Most importantly, it should point out why publishing source code in any
manner does not obviate the need for an auditable (and actually audited)
voting process.


---------- Forwarded message ----------
Date: Sun, 18 May 2008 12:47:57 -0700 (PDT)
From: David Wagner <>
Subject: Re: [ROS] Limitations of Many Eyes -- in the context of voting systems

> The original reason behind the research that led to the static analysis
> tools MALPAS, SPADE and SPARK was to detect trojan code in UK Government
> security software.
> If we could implement open source software using programming languages
> that support sound static analysis of data flow and path expressions, it
> would be far easier to check for trojans.

I used to think so, too. But Ping Yee and I recently did an
experiment whose results have raised serious doubt about this in
my mind.

In Ping's PhD dissertation, Ping came up with an alternative architecture
for a voting machine that vastly reduces its trusted computing base (down
to < 500 lines of simple Python code). We hypothesized that this would
make it much easier for reviewers to find unintentional and intentional
flaws in the software. We decided to test this hypothesis by inviting
several security experts to review our code.

As part of the experiment, we injected three artificial bugs into our
code, to see if the reviewers would find them. These bugs were an
attempt to simulate a malicious backdoor that could influence election
results. We chose these bugs so they would be unlikely to be detected
by ordinary pre-election testing. We crafted the bugs to offer a range
of difficulty in finding them: one that we expected to be easy to find,
one that we expected to be of medium difficulty to spot, and one that
we expected to be difficult for a code reviewer to notice.

We then ran a code review, with a total of 4 expert reviewers. They were
broken down into 3 teams of 1-2 reviewers, each team working separately
for one day to review the buggy code. At the start of the day we
told them "there exists at least one bug in this code!" and told them
that we had inserted an artificial bug (we didn't tell them that we
had inserted more than one until they found their first bug).
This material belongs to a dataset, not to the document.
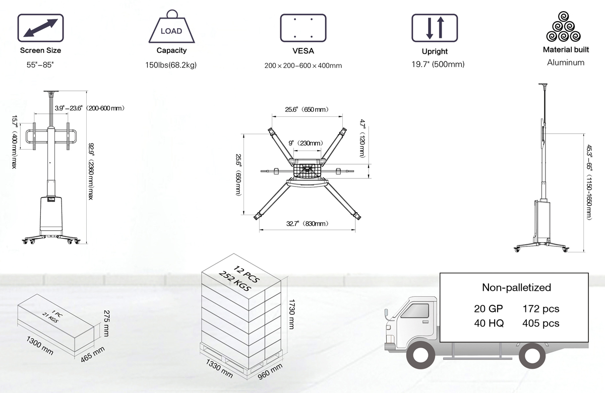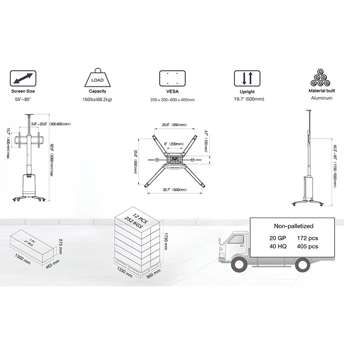 - Για οθόνες TV από 43'' έως 85''
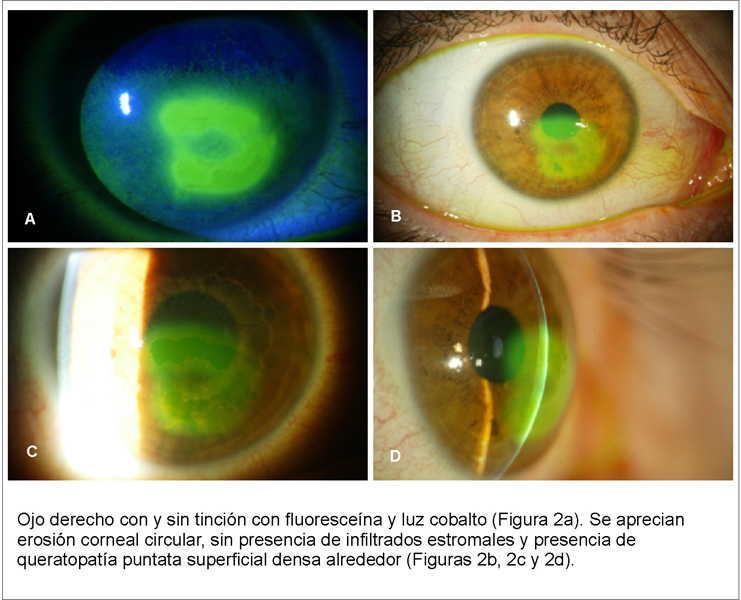 Ante el cuadro clínico se descartó una conjuntivitis folicular por Clamidia con queratopatía puntata superficial del ojo derecho con cultivos negativos, una secundaria a un germen atípico y una queratoconjuntivitis alérgica. También se descartó una posible ambliopía de ojo derecho, se realizaron biometrías (normales. OD: 23,46 OI: 23,27). Siguió distintos tratamientos antimicrobianos tópicos y orales con una leve mejoría de la agudeza visual con corrección (ojo derecho de 0,5 y ojo izquierdo de 0,85) y sin desaparición completa del punteado corneal. En el curso evolutivo de nuestro paciente sufrió de forma súbita y al levantarse de la cama una erosión corneal en ojo derecho que remitimos tras tratamiento con pomada antibiótica y vendaje compresivo (Figura 2).

We even
revealed that the bug was in a narrow subrange of 100 lines of code, to
give them an advantage and narrow the focus of their review. In fact,
all 3 articially inserted bugs were in that range. We then sat back to
see whether they found the bugs.

One team found both the "easy" bug and the "medium" bug, without much
difficulty, but never found the "difficult" bug. Another team found
the "easy" bug after about four hours, but never found the "medium" or
"difficult" bugs. A third team found the "easy" bug after about two
hours but never found the "medium" or "difficult" bugs. After a total
of about 33 reviewer-hours, no one ever found the "difficult" bug.

Of course, had we actually been malicious, we would have inserted just
the "difficult-to-find" bug, and we would have gotten away with it.
(The only reason we inserted that we also inserted the "easy" and
"medium" bugs was because we were worried that they wouldn't find the
"difficult" bug!) I should also point out that we came up with these
malicious backdoors after only 2-3 hours of brainstorming -- we only
came up with the idea of inserting artificial bugs the night before,
so we were in a hurry.

In short, in 2-3 hours we were able to come up with a malicious backdoor
that 4 reviewers could spending a total of 33 reviewer-hours could not
find, even with the information that there was a bug and with the side
information that it could be found within a particular subrange of 100
lines of code. This suggests that malicious backdoors can be very, very
difficult to detect, even in situations carefully crafted to be the best
possible for the defenders.

Let's compare to current commercial practice. Typical code reviewing
practice today for commercial code involves 1-2 reviewers reviewing code
at a rate of 100-200 lines/hour. In comparison, in our experiment the
reviewers reviewed code at a rate of about 14 lines/hour -- they had a
lot more time, and we had more eyeballs, and the malicious backdoor was
still not detected.

Or, we can put this in context by looking at the cost. I estimate that
it cost something like $10,000 to hire 4 reviewers with these qualifications
to perform this kind of code review. But in this experiment we reviewed
only 100 lines of code; real-world systems are much larger than that.
Imagine, for example, a industrial system with 10,000 lines of code;
that's pretty tiny by commercial standards, yet the experiment we ran
suggests that one could spend $1 million and still not detect a
malicious backdoor. (And this isn't even taking into account the fact
that in larger systems there are probably more opportunities for even
more subtle kinds of backdoors.)

For me, the results of this experiment were eye-opening, because
they violated my intuition and my expectations so dramatically.
The conventional wisdom says that there is no reliable way to check
for malicious backdoors in a large, complex software system. I had
been hoping that the situation might be different if one followed sound
engineering principles, kept the system simple, and minimized the size
of the codebase. Alas, it didn't work out that way. This experiment
suggests to me that there is no feasible, reliable way to check for
malicious backdoors in software of any size -- not even for small,
simple systems that have been thoughtfully designed, architected, and
implemented with the malicious code problem in mind.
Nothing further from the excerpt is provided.